Connectionism/ Artificial Neural Networks

After gaining much success in classifying the speech segments as voiced/unvoiced or nasal/plosive, researchers moved on to phoneme classification which achieved very competitive results. There are two approaches towards the speech recognition problem: Static and Dynamic.

In static approach, the whole voice segment is considered at once and decision is made. Inputs are applied to multilayer perceptrons with hidden units, which also function as feature detectors and help in the classification of important classes of sound like vowels or consonants with high accuracy. The classification decision is then taken as output.

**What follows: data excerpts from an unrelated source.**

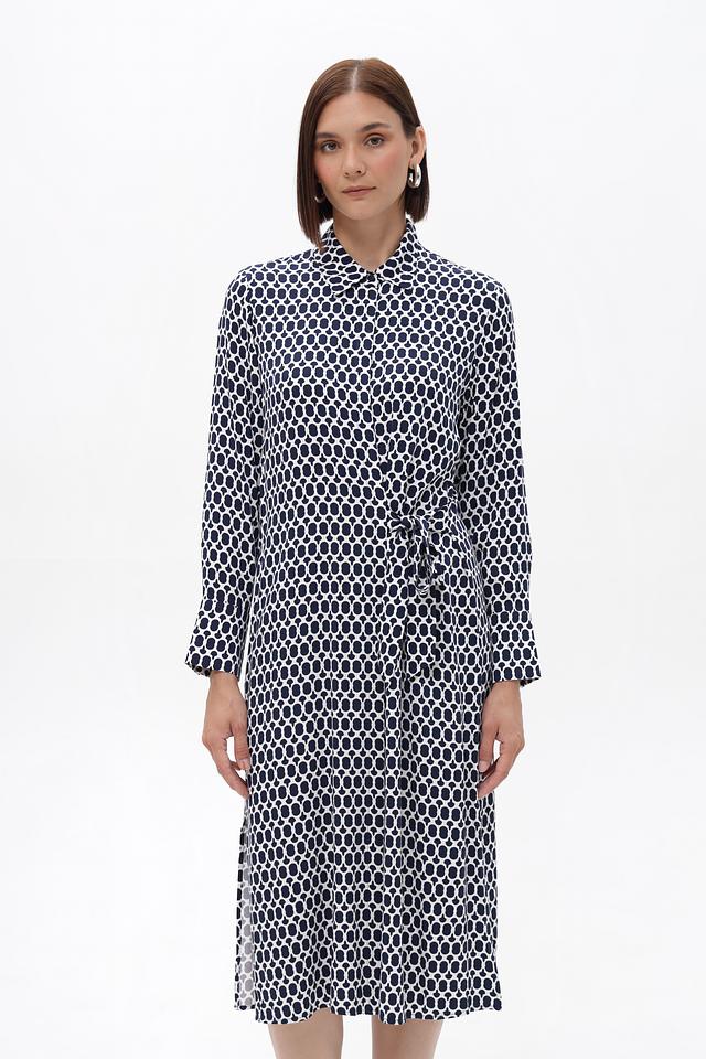Платье имеет прямой крой, воротник-стойку и длинные рукава. Завязывающийся пояс позволяет подчеркнуть талию и создать более женственный силуэт. Модель выполнена из 100% вискозы, что обеспечивает комфорт и приятные ощущения при носке.
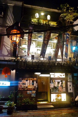 right: The Izakaya-nonbei restaurant in Taipei in the evening. Very Japanese looking.
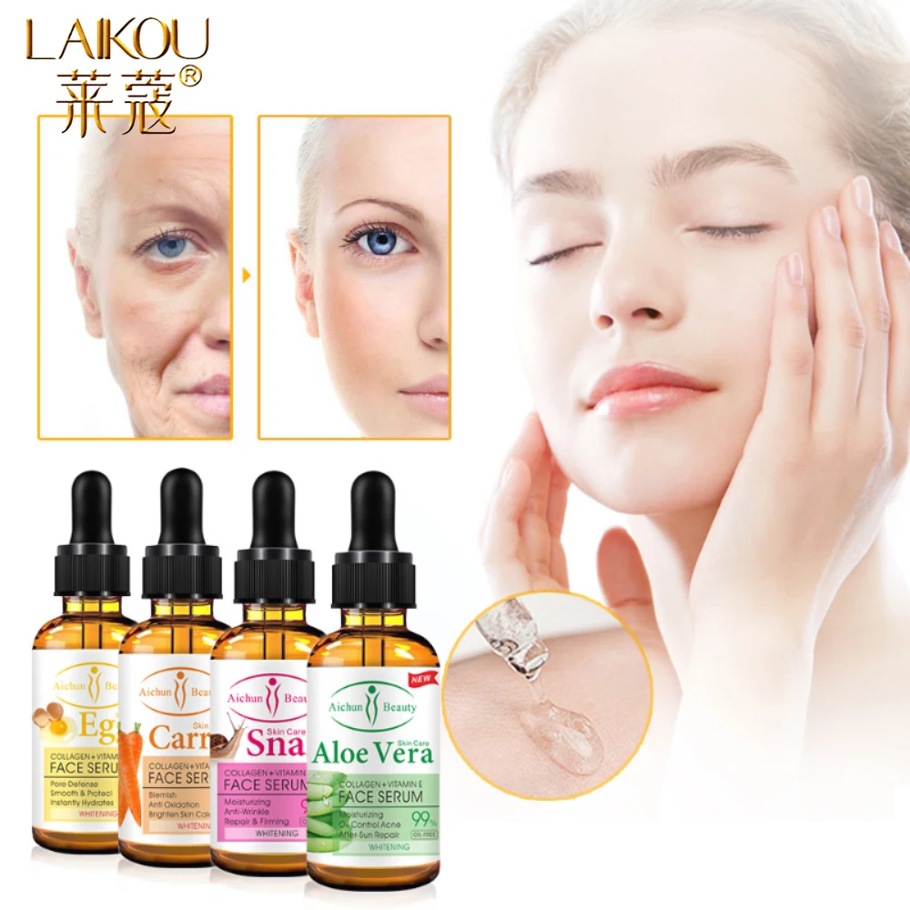 LAIKOU Сыворотка для лица с алоэ, увлажняет контроль жирности, отбеливание моркови, улитка, омолаживающие яйца, сужение пор, эссенция для лица, уход за кожей, 30 мл
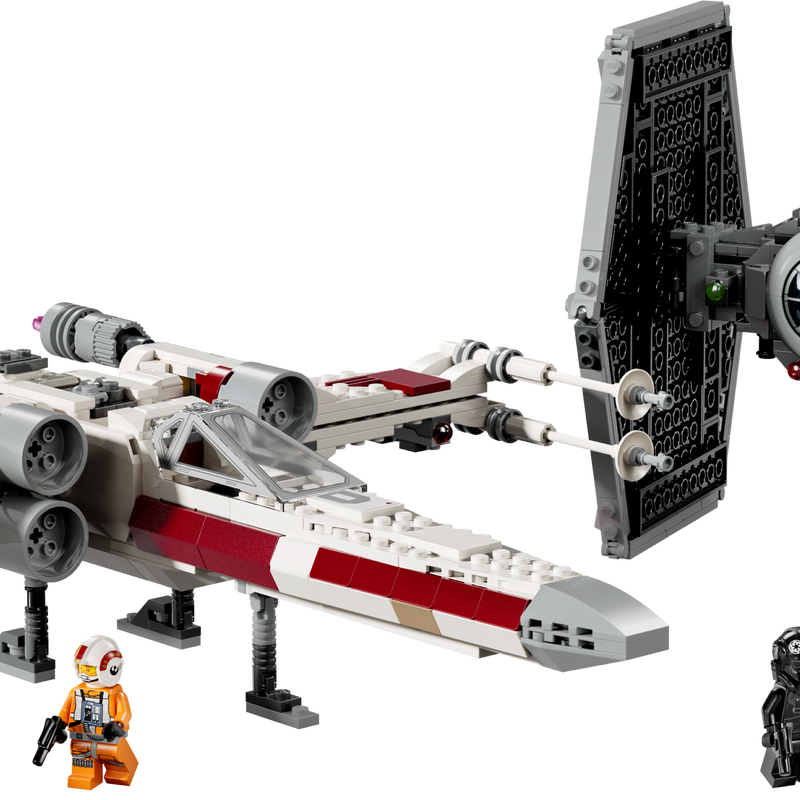 Recreate mash-up starfighters from the LEGO® Star Wars™: Rebuild the Galaxy Disney+ special with this TIE Fighter & X-Wing Mash-up (75393) buildable toy playset for kids. A cool LEGO gift for boys, girls and any Star Wars fans, the set features a ‘TIE-wing’ and ‘X-fighter’, each with an opening cockpit for a LEGO minifigure and 2 spring-loaded shooters. Simply remove the locking pins to detach the wings from the hull of each buildable vehicle toy and rebuild to create the familiar, iconic TIE fighter and X-wing. The wings of the ‘TIE-wing’/X-fighter are adjustable for flight and attack modes and, once rebuilt as the X-wing, the retractable landing gear can be used.
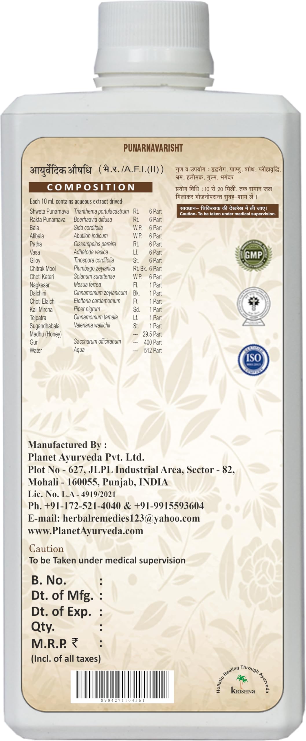 Planet Ayurveda PUNARNAVARISHT Syrup - 450 ML
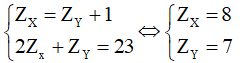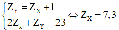 Trường hợp 3: ZY = ZX + 32, thay vào (1) được ZX = 13 suy ra ZY = 45.
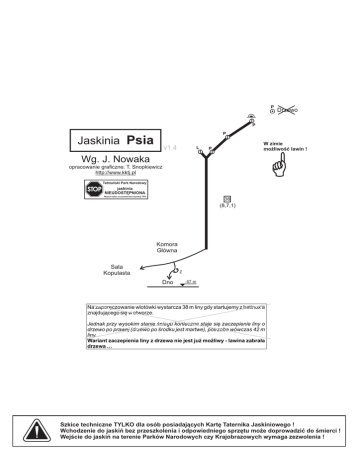 P Drzewo P P Jaskinia Psia v1.4 L W zimie mo¿liwoœæ lawin ! P Wg. J. Nowaka opracowanie graficzne: T. Snopkiewicz http://www.kktj.pl Tatrzañski Park Narodowy jaskinia NIEUDOSTÊPNIONA Wejœcie tylko za zezwoleniem Dyrekcji TPN 38 (8,7,1) Komora G³ówna Sala Kopulasta Z Dno -57 m Na zaporêczowanie wlotówki wystarcza 38 m liny gdy startujemy z batinox'a znajduj¹cego siê w otworze. Jednak przy wysokim stanie œniegu konieczne staje siê zaczepienie liny o drzewo po prawej (drzewo po œrodku jest martwe), potrzeba wówczas 42 m liny. Wariant zaczepienia liny z drzewa nie jest ju¿ mo¿liwy - lawina zabra³a drzewa … Szkice techniczne TYLKO dla osób posiadaj¹cych Kartê Taternika Jaskiniowego ! Wchodzenie do jaskiñ bez przeszkolenia i odpowiedniego sprzêtu mo¿e doprowadziæ do œmierci ! Wejœcie do jaskiñ na terenie Parków Narodowych czy Krajobrazowych wymaga zezwolenia !
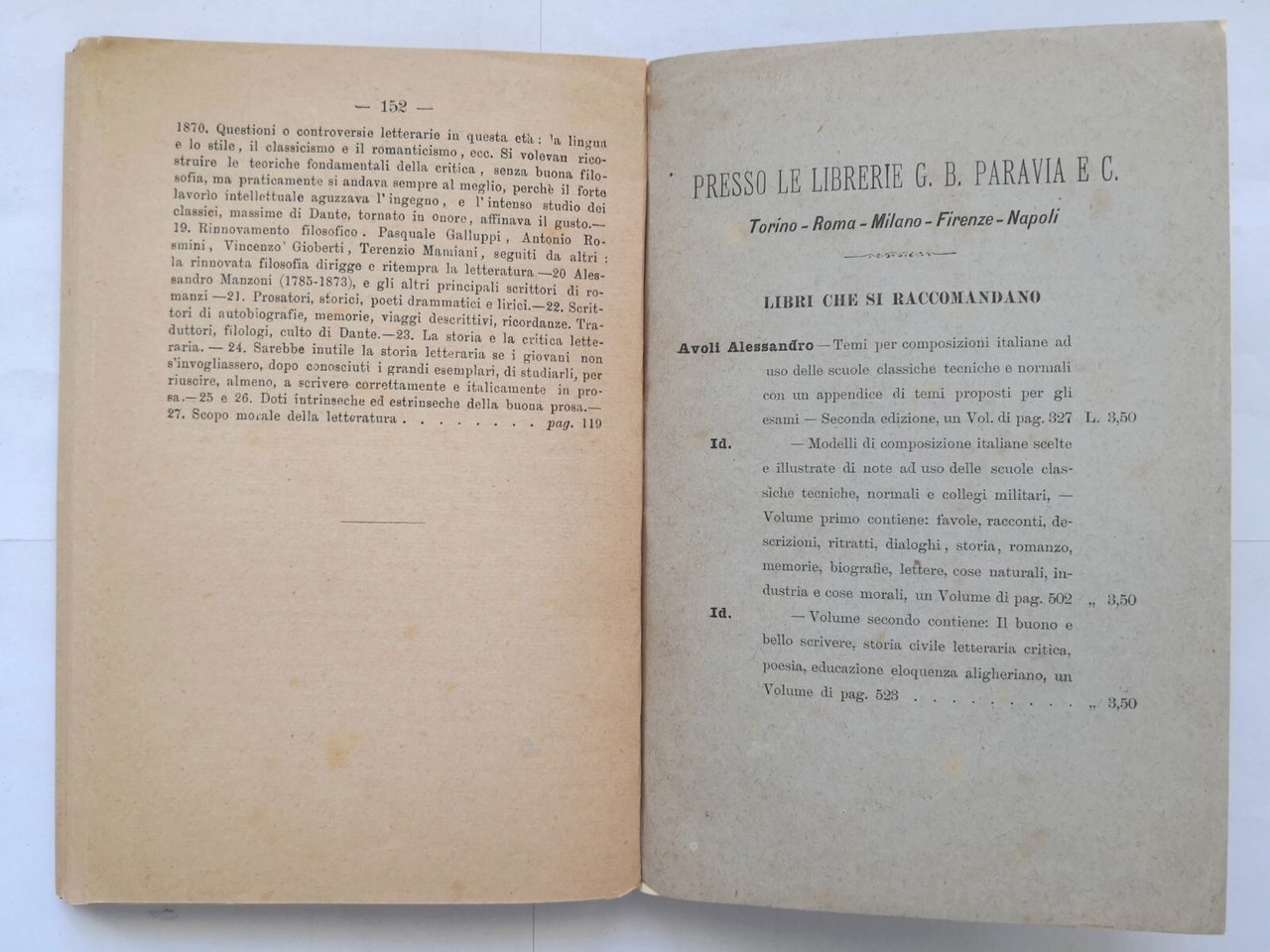 Editore G. B. Paravia & C., 1891. 152 pagine. Copertina non editoriale in cartoncino muto. Stato di conservazione: molto buono (pagine ingiallite, manca la copertina originale) Libro antico saggistica letteraria
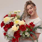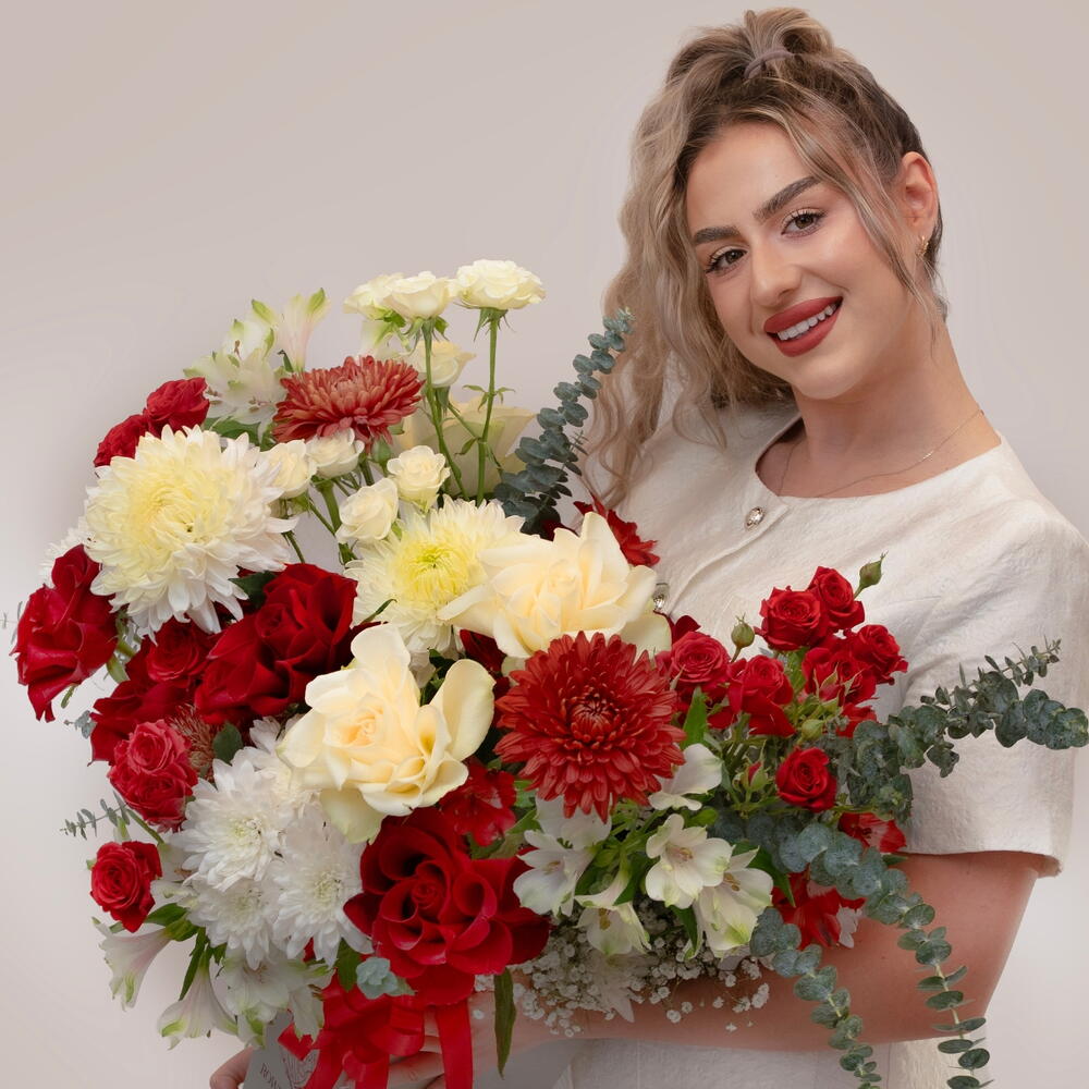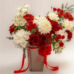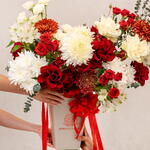 Red rose - 10 шт. Eucalyptus - 2 шт. Alstroemeria - 6 шт. White rose - 4 шт. Gypsophila - 4 шт. white spray rose - 3 шт. red spray rose - 4 шт. спрей-хризантемы - 4 шт. фирменная коробка - 1 шт. хризантемы с удалёнными боковыми бутонами - 6 шт.

Fig. 6: Figure Showing Dynamic Approach (Time Delay Neural Network) in Speech Recognition Problem

In Dynamic approach, methods like Time Delay Neural Networks (TDNN) and Recurrent Neural Nets have been used. Here, the neural network makes a local decision seeing a small window in contrast to static methods where complete frame is used, and the decision is then integrated to get a global decision. Where static approach seems to give good results in phoneme classification, dynamic approach fairs better with words and sentences.

Current Scenario

Speech recognition was initially built for doing the work of a medical transcriptionist. No wonder it was not possible at that time given the infrastructure and the limited advance of technology, it now seems to be gathering steam around developers again, especially military. Various militaries are not only putting great effort in improving the technology for medical purposes but also for achieving a tactical edge in combat machinery. Fighter jet cockpits are being fitted with SR devices which can help the pilot do various non-critical tasks with vocal commands. Its performance at high G’s is being tested and worked upon.

US military’s F-16, French Mirage, UK’s Eurofighter Typhoon and Swedish Gripen are all examples of aircrafts where such technology is being deployed. In Helicopters, the Pilot seldom wears a face mask thus involving more background noise making it harder for the SR system to interpret the commands. This is an additional challenge to make a robust system. Air Traffic Controller trainers are employing such techniques to replace the actual pilot who otherwise has to interact with ATC trainees, thus reducing the precious workforce required for such tasks. Microsoft’s Tellme and Yahoo’s oneSearch have been constantly providing improved voice searching capabilities in some parts of the world. IVR systems are constantly evolving and so are desktops with SR capabilities.

Modern vehicles are being fitted with SR systems to provide enhanced accessibility. Ibn Sina is being developed as a talking humanoid in an advanced research lab in UAE as a multilingual platform. The horizons are widening with each improvement and a day may soon come when a tin box is actually conversing with you in a heart to heart talk.